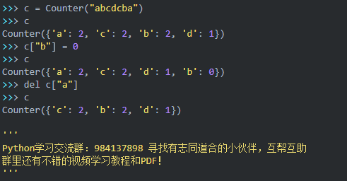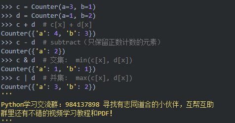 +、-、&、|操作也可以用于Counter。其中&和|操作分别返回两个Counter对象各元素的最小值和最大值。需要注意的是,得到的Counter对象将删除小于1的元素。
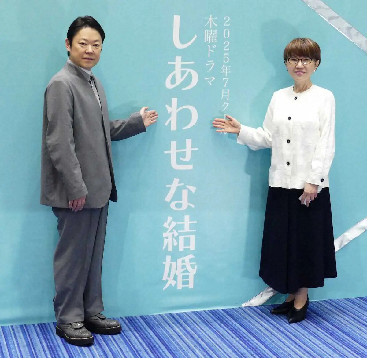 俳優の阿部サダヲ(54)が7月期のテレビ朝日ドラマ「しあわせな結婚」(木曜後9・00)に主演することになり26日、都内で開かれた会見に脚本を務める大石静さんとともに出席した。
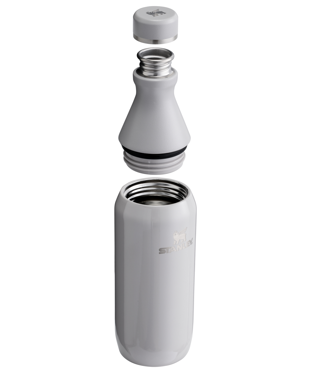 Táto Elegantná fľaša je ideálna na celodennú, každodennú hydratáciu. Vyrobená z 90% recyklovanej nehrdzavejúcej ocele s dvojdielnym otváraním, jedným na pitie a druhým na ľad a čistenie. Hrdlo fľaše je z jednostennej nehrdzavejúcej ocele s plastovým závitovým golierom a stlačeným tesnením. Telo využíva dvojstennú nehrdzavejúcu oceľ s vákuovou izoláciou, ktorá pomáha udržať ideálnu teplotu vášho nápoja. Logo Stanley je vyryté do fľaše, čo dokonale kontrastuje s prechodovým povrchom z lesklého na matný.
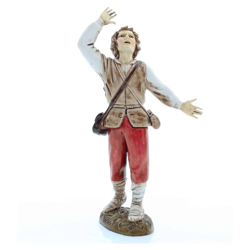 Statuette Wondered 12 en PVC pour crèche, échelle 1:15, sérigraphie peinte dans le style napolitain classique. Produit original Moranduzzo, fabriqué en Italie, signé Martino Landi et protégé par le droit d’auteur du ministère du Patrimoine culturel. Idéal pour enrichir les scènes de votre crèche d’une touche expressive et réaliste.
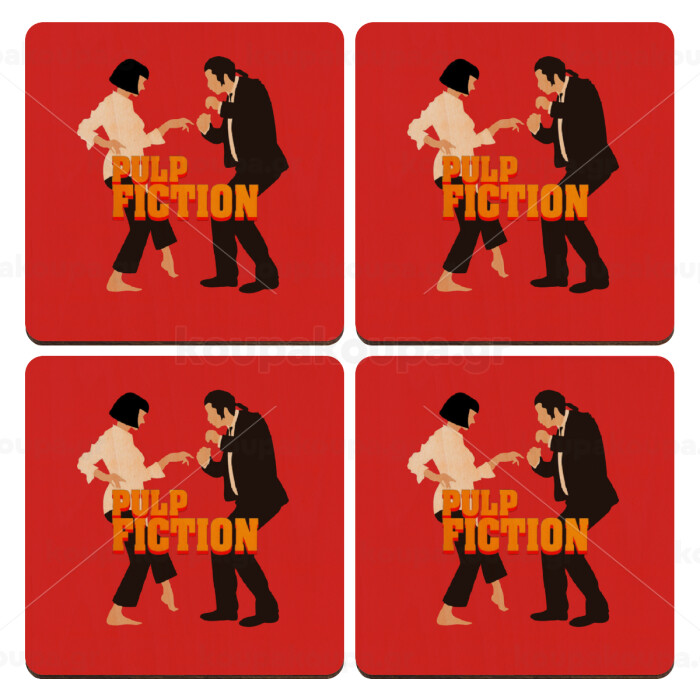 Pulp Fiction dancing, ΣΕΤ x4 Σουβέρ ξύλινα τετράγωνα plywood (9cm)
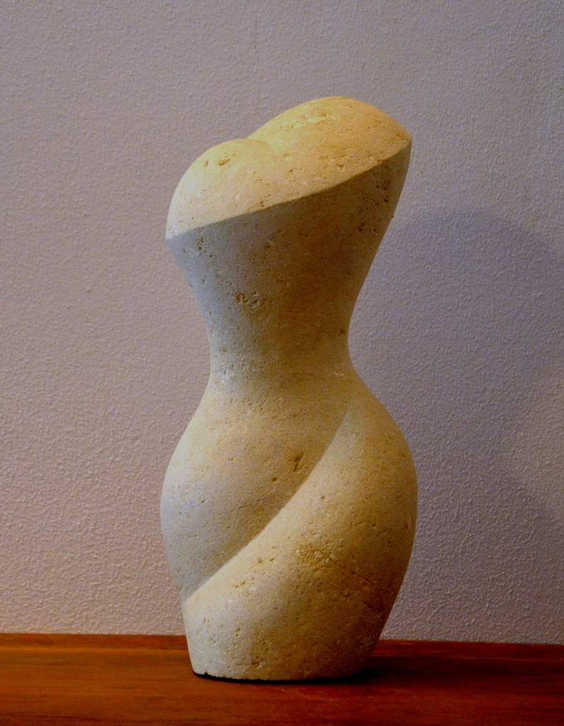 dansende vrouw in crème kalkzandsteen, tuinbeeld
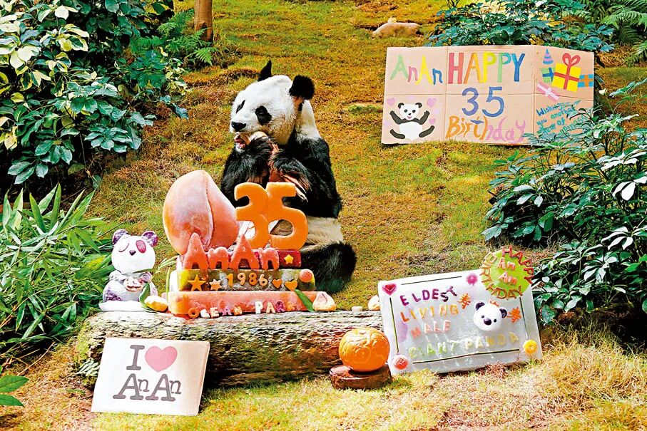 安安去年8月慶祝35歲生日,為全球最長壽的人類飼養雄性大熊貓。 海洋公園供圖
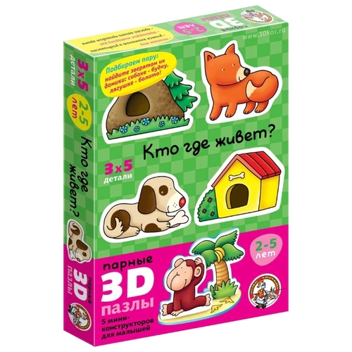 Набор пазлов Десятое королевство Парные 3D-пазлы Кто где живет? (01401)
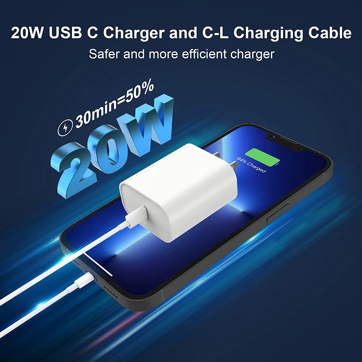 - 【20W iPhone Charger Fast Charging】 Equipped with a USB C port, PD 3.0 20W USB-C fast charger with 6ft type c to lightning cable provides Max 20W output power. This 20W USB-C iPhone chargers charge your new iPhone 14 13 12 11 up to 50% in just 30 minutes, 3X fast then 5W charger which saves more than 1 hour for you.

· · · · · · ·

**About this exercise:** Reproduce the records exactly, images excluded.

**Solution to the problem:**
 +、-、&、|操作也可以用于Counter。其中&和|操作分别返回两个Counter对象各元素的最小值和最大值。需要注意的是,得到的Counter对象将删除小于1的元素。
 俳優の阿部サダヲ(54)が7月期のテレビ朝日ドラマ「しあわせな結婚」(木曜後9・00)に主演することになり26日、都内で開かれた会見に脚本を務める大石静さんとともに出席した。
 Táto Elegantná fľaša je ideálna na celodennú, každodennú hydratáciu. Vyrobená z 90% recyklovanej nehrdzavejúcej ocele s dvojdielnym otváraním, jedným na pitie a druhým na ľad a čistenie. Hrdlo fľaše je z jednostennej nehrdzavejúcej ocele s plastovým závitovým golierom a stlačeným tesnením. Telo využíva dvojstennú nehrdzavejúcu oceľ s vákuovou izoláciou, ktorá pomáha udržať ideálnu teplotu vášho nápoja. Logo Stanley je vyryté do fľaše, čo dokonale kontrastuje s prechodovým povrchom z lesklého na matný.
 Statuette Wondered 12 en PVC pour crèche, échelle 1:15, sérigraphie peinte dans le style napolitain classique. Produit original Moranduzzo, fabriqué en Italie, signé Martino Landi et protégé par le droit d’auteur du ministère du Patrimoine culturel. Idéal pour enrichir les scènes de votre crèche d’une touche expressive et réaliste.
 Pulp Fiction dancing, ΣΕΤ x4 Σουβέρ ξύλινα τετράγωνα plywood (9cm)
 dansende vrouw in crème kalkzandsteen, tuinbeeld
 安安去年8月慶祝35歲生日,為全球最長壽的人類飼養雄性大熊貓。 海洋公園供圖
 Набор пазлов Десятое королевство Парные 3D-пазлы Кто где живет? (01401)
 - 【20W iPhone Charger Fast Charging】 Equipped with a USB C port, PD 3.0 20W USB-C fast charger with 6ft type c to lightning cable provides Max 20W output power. This 20W USB-C iPhone chargers charge your new iPhone 14 13 12 11 up to 50% in just 30 minutes, 3X fast then 5W charger which saves more than 1 hour for you.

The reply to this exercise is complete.